Progress begets inequality, and the resulting inequality can either encourage more progress or impede it, or both. Professor Deaton suggests that inequality in the modern United States has had both of these effects.
He points to a third influence of progress and inequality on outcomes for those left behind: good intentions. As part of the world becomes rich and no longer worries about day-to-day survival, it can look outward. Many residents of developed countries have a “need to help” those less fortunate.
But the attempts to help often – perhaps even usually – go awry.
As medical progress began to diffuse around the world, people stopped dying so young, and that made for an increase in population, especially in less-developed countries. Developed countries thought they would help poor nations by encouraging population control, based on the dubious proposition that more people means more poverty.

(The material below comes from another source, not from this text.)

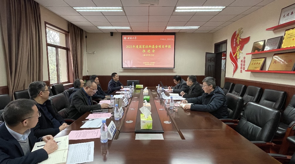 会议分社会科学学部、人文学部、教育科学学部三个学部召开,各科研单位介绍了2025年国家社科基金年度项目申报情况及后续工作安排,摸清了情况,交流了经验。

“What the world’s poor – the people who were actually having all these babies – thought about all this was not given much consideration,” Professor Deaton says, citing China’s continuing one-child policy as an example. He adds: “The misdiagnosis of the population explosion by the vast majority of social scientists and policy makers, and the grave harm that the resultant mistaken policy did to many millions, were among the most serious intellectual and ethical failures of a century in which there were many.”
Other types of foreign aid to developing nations have also been a disaster, he says, with “pictures of starving children being used to raise funds that were used in part to prolong war, or to N.G.O.-funded camps being used as bases to train militias bent on genocide.”
Professor Deaton’s book is primarily international in focus, and he insists that help for the American poor is different and more effective than aiding the world’s poor. Nevertheless, American readers may be left wondering how much aid to American poor, is, as Professor Deaton says, “more about satisfying our own need to help, and less about improving the lot of the poor.”